2024年7月14日日曜日

7月書評の5

◼️ 絲山秋子「袋小路の男」

妙に、読ませる作品。ドラスティックさのない、男と女の微妙な関係。川端康成文学賞。

このなんとなく日常な風味、過激さが全くないわけではないが、緩く日常が展開していくドラマ気質とでもいうもの。絲山秋子は「イッツ・オンリー・トーク」「逃亡くそたわけ」そして芥川賞の「沖で待つ」を読んできた。今回久しぶりに触れて、また絲山色というのを感じた。

高校の先輩、小田切孝に恋した大谷日向子。手も握らないまま12年間もズルズルと恋し続ける。小田切は2浪して大学に入り、作家を目指して執筆活動に入るが売れない。日向子は現役で大学に進み企業の法務部に勤める。2人は毎夜のようにバーで会ったりたまに食事したりするものの進展せず、日向子は浮気と称して彼氏を作ったり、上司と一夜の関係を持ったりする。でも、やはり好きなのは小田切なのだったー。

ノーベル賞を受賞したアニー・エルノーの「シンプルな情熱」という作品を思い出す。本当に恋した相手に、女はどういう行動をするか。ひたすら我慢して尽くすその果てとストレス。

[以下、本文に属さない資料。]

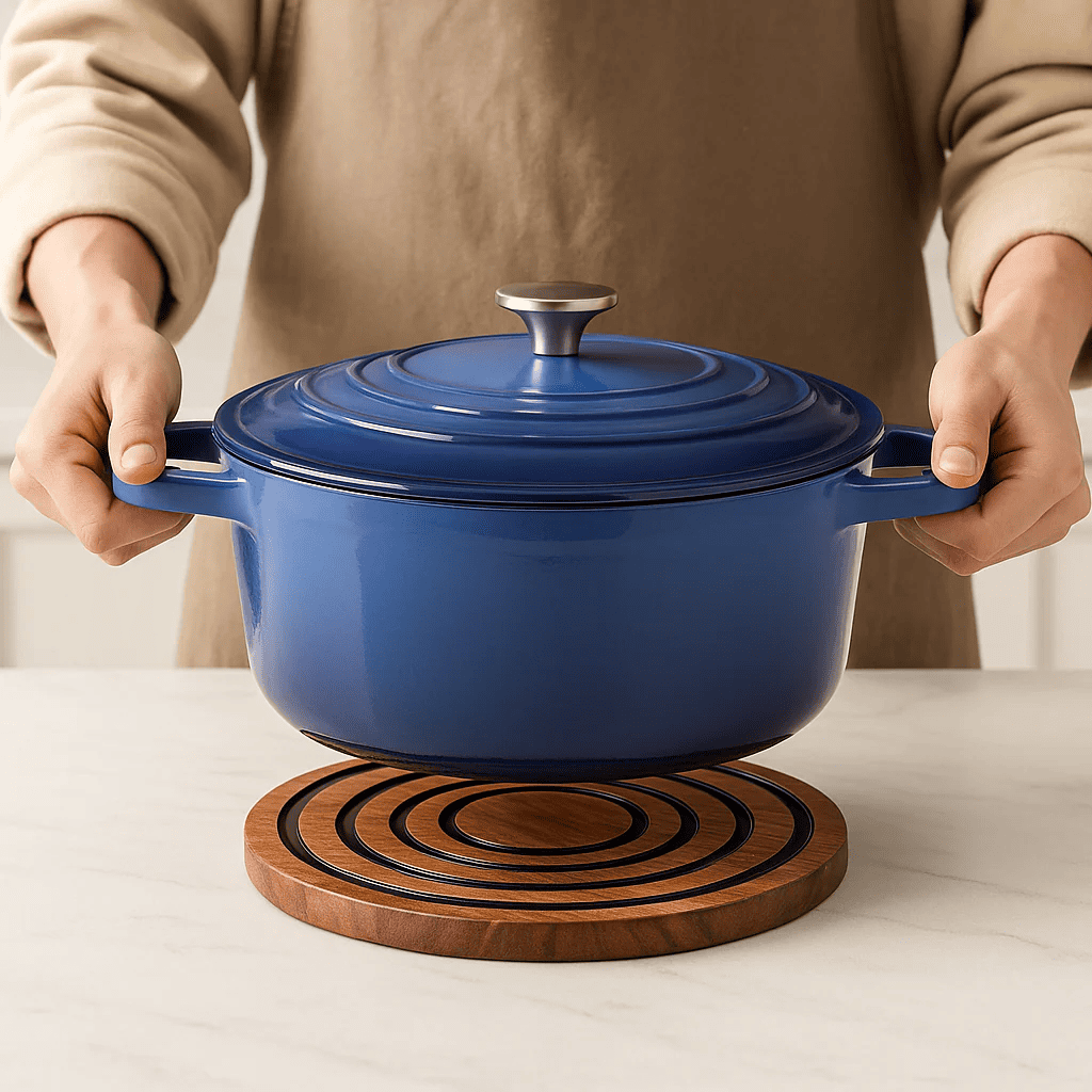 Den magnetiska basen ger extra stabilitet och gör att det kan fästas på metalliska ytor. Perfekt för både matlagning och servering – skydda dina ytor samtidigt som du lyfter din köksinredning. Ett köksunderlägg som är både praktiskt och dekorativt.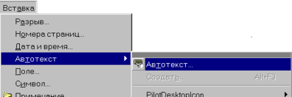 Вставка автотекста производится нажатием кнопки F3.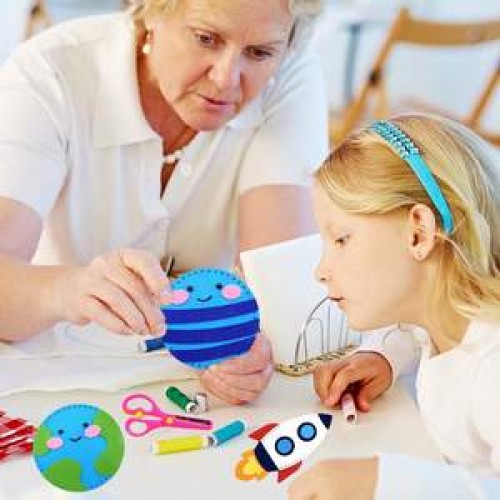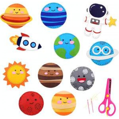 Premium Amazon hot sale kids arts and crafts educational toy first to learn sewing craft outer space planet DIY felt sewing kit

今作では、まあだらだらと、煮え切らない、プライドの高い男と、他の男にも走るものの純粋に恋する女の姿を描く。大人の日常プラスα、という感じだ。どちらもあまりまじめな高校生ではなかった先で道が分かれ、その設定の中の人間的な感情もまた歪みを含んだものになっていく。そしてある意味純粋でまっすぐな恋心は、どうなるのか、小説はどう終わるのか。

ヨーロッパあたりの単館系の映画みたいだ。素っ気なさもある。冗長。でも読ませる。そこにたゆたう間、やもどかしいを通り越す微妙さ、が現実の生活に妙にマッチするから、かも知れない。日常の積み重ねと違和感と人間的なヘンな部分。小説的だ、と思わせる。

トルコのノーベル賞作家オルハン・パムクは自著の中で「これが人生だ、と感じさせる」ことが純文学の要諦、というようなことを書いていた。そこまで大きな仕掛けではないものの、人生振り返ってみれば色々起きたことが微妙に重なる気がする。

私的な絲山秋子の色は、そんな感じだ。また読むだろう。